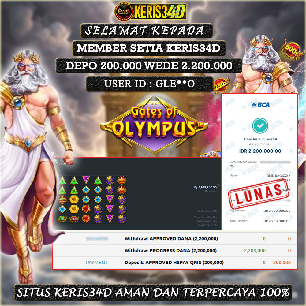Setiap hari, member KERIS34D berhasil meraih jackpot besar dari berbagai provider slot ternama yang kami sediakan, seperti Pragmatic Play, Habanero, PG Soft, dan masih banyak lagi. Kami secara rutin menampilkan bukti screenshot atau rekapan kemenangan yang berhasil diraih, mulai dari kemenangan ratusan ribu hingga puluhan juta rupiah. Semua slip kemenangan ini kami hadirkan untuk membuktikan bahwa di KERIS34D, peluang menang itu nyata
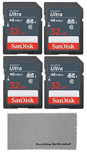 SanDisk 32GB Ultra (4 Pack) UHS-I Class 10 SDXC Memory Card, Retail Packaging - with (1) Everything But Stromboli (tm) Microfiber Cloth
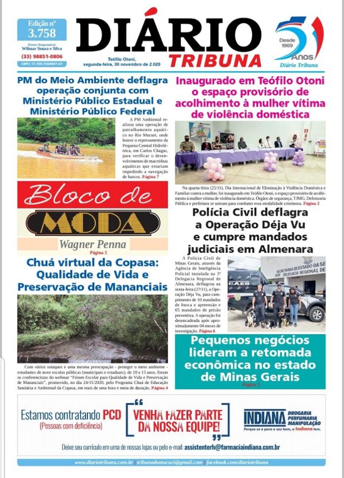 Diário Tribuna, 30 de Novembro 2020, Teófilo Otoni – MG Por diariotribuna - 30/11/2020 0 928 Facebook Twitter Google+ Pinterest WhatsApp Acesse o link abaixo e veja a edição completa do Diário Tribuna desta Segunda-feira (30/11/2020) https://diariotribuna.com.br/wp-content/uploads/2020/11/DIARIO-TRIBUNA-51-ANOS-30-NOVEMBRO-2020.pdf
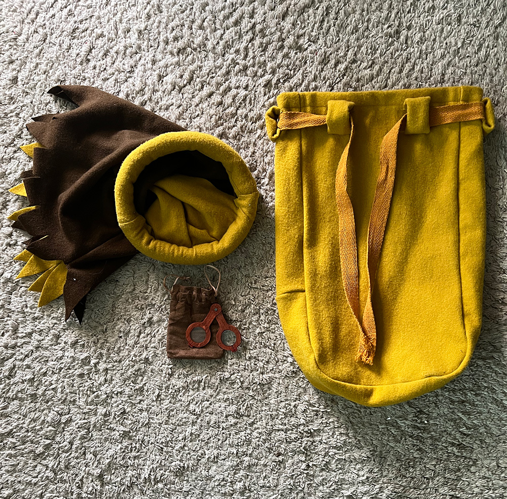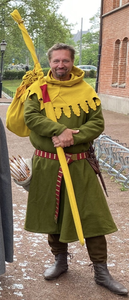 Dessa kläder bygger på de som Bockstensmannen bar. Allt är egenhändigt tillverkat, förutom bågen i fodralet (som jag har över axeln) och bältet m. väska. Men dessa ting ligger på agendan att kanske själv göra en dag. Pilkogret och pilarna är också eget hantverk.
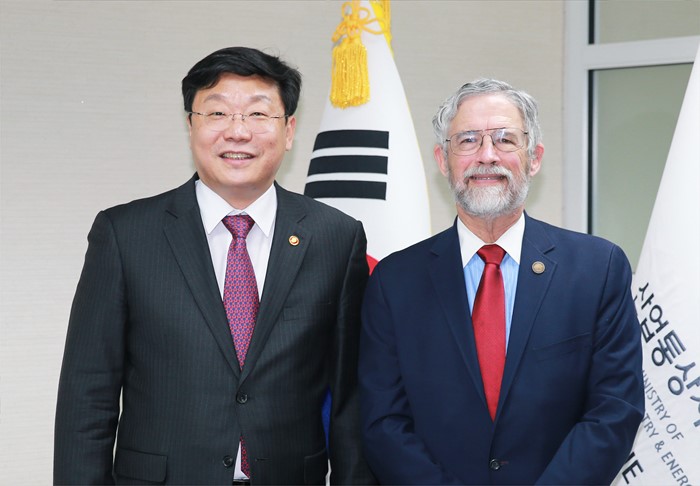 (서울=포커스뉴스) 주형환 산업통상자원부 장관은 29일 오후 서울 종로구 정부서울청사 외교부 집무실에서 ‘한미 과학기술협력 공동위원회’에 참석하기 위해 방한중인 존 홀드렌 (John P. Holdren) 미국 백악관 과학기술정책실장(장관급)과 면담에 앞서 기념촬영을 하고 있다. <사진제공=산업통상자원부>
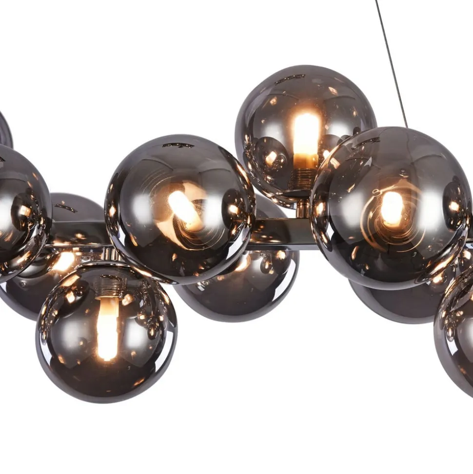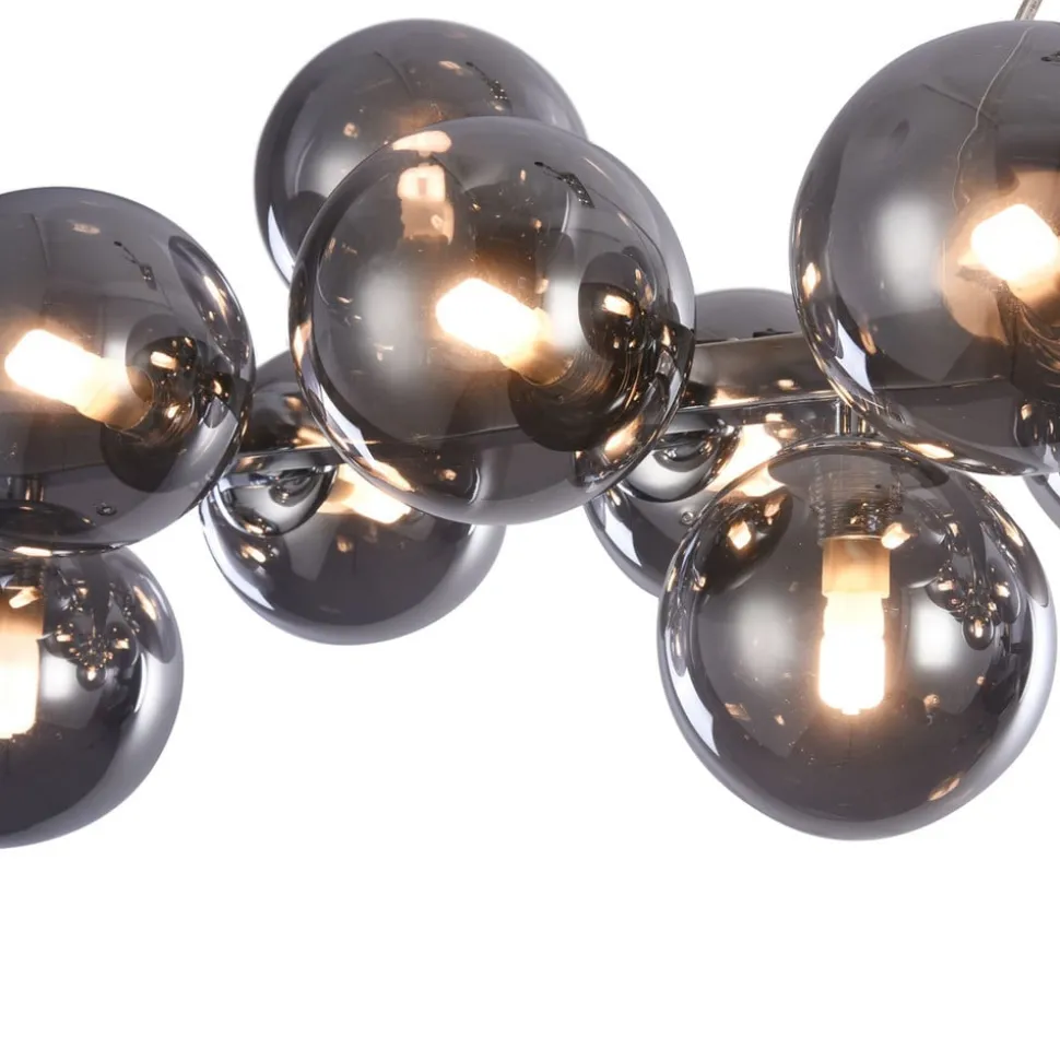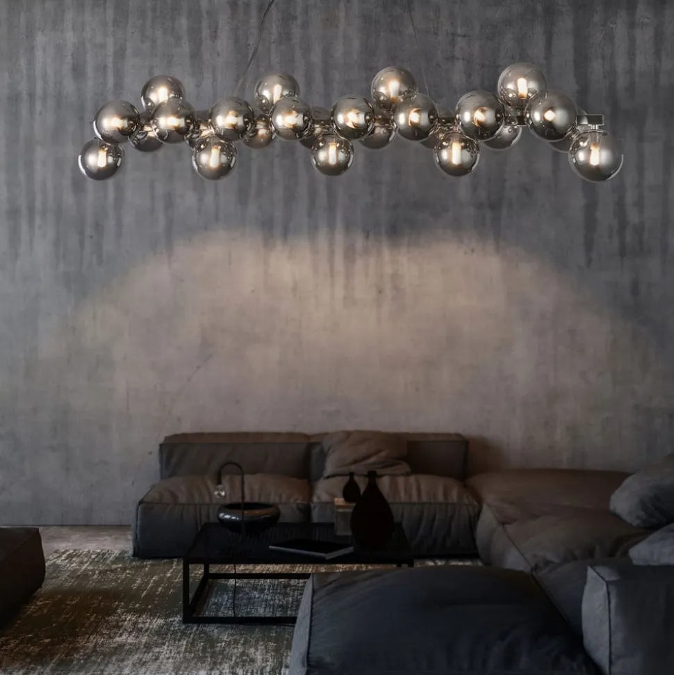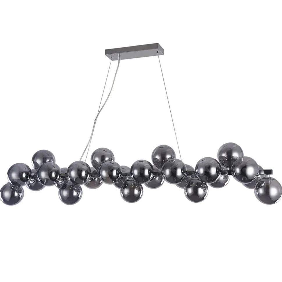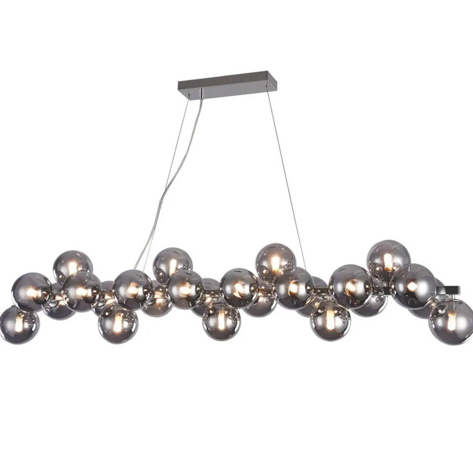 Dallas pendel med kromfarvede kugler Dallas pendel med 25 lys er en drøm: Den aflange skærm består af kromfarvede kugler, som er fastgjort til en lang metalstang. Det komplette armatur ser moderne og samtidig meget festligt ud, da de oplyste glas udstråler et særligt strålende lys på grund af deres farvetone. En iøjnefaldende grund- og områdebelysning til det moderne boligområde, som giver hvert rum en særlig eksklusivitet.
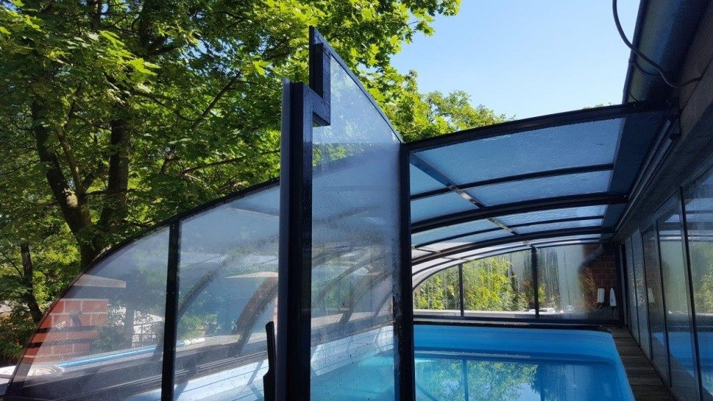 Ein vorhandener Pool auf einer Dachterrasse sollte aufgrund der hohen Wärmeverluste und des erheblichen Laubbefalls durch eine verschiebbare Schwimmbad-Überdachung geschützt werden. Aufgrund des geringen Platzes und der Optik wurde eine Seite der Laufschienen direkt an der Hauswand unterhalb der Regenrinne befestigt. Die Laufschienen und die gesamte ALU-Konstruktion wurde in einer speziellen RAL-Farbe pulverbeschichtet, die zu den Fensterbeschlägen des Hauses passte.

■ ■ ■ ■

Leave out the pictures and reproduce the rest of the listing exactly.

Task output
Setiap hari, member KERIS34D berhasil meraih jackpot besar dari berbagai provider slot ternama yang kami sediakan, seperti Pragmatic Play, Habanero, PG Soft, dan masih banyak lagi. Kami secara rutin menampilkan bukti screenshot atau rekapan kemenangan yang berhasil diraih, mulai dari kemenangan ratusan ribu hingga puluhan juta rupiah. Semua slip kemenangan ini kami hadirkan untuk membuktikan bahwa di KERIS34D, peluang menang itu nyata
 SanDisk 32GB Ultra (4 Pack) UHS-I Class 10 SDXC Memory Card, Retail Packaging - with (1) Everything But Stromboli (tm) Microfiber Cloth
 Diário Tribuna, 30 de Novembro 2020, Teófilo Otoni – MG Por diariotribuna - 30/11/2020 0 928 Facebook Twitter Google+ Pinterest WhatsApp Acesse o link abaixo e veja a edição completa do Diário Tribuna desta Segunda-feira (30/11/2020) https://diariotribuna.com.br/wp-content/uploads/2020/11/DIARIO-TRIBUNA-51-ANOS-30-NOVEMBRO-2020.pdf
 Dessa kläder bygger på de som Bockstensmannen bar. Allt är egenhändigt tillverkat, förutom bågen i fodralet (som jag har över axeln) och bältet m. väska. Men dessa ting ligger på agendan att kanske själv göra en dag. Pilkogret och pilarna är också eget hantverk.
 (서울=포커스뉴스) 주형환 산업통상자원부 장관은 29일 오후 서울 종로구 정부서울청사 외교부 집무실에서 ‘한미 과학기술협력 공동위원회’에 참석하기 위해 방한중인 존 홀드렌 (John P. Holdren) 미국 백악관 과학기술정책실장(장관급)과 면담에 앞서 기념촬영을 하고 있다. <사진제공=산업통상자원부>
 Dallas pendel med kromfarvede kugler Dallas pendel med 25 lys er en drøm: Den aflange skærm består af kromfarvede kugler, som er fastgjort til en lang metalstang. Det komplette armatur ser moderne og samtidig meget festligt ud, da de oplyste glas udstråler et særligt strålende lys på grund af deres farvetone. En iøjnefaldende grund- og områdebelysning til det moderne boligområde, som giver hvert rum en særlig eksklusivitet.
 Ein vorhandener Pool auf einer Dachterrasse sollte aufgrund der hohen Wärmeverluste und des erheblichen Laubbefalls durch eine verschiebbare Schwimmbad-Überdachung geschützt werden. Aufgrund des geringen Platzes und der Optik wurde eine Seite der Laufschienen direkt an der Hauswand unterhalb der Regenrinne befestigt. Die Laufschienen und die gesamte ALU-Konstruktion wurde in einer speziellen RAL-Farbe pulverbeschichtet, die zu den Fensterbeschlägen des Hauses passte.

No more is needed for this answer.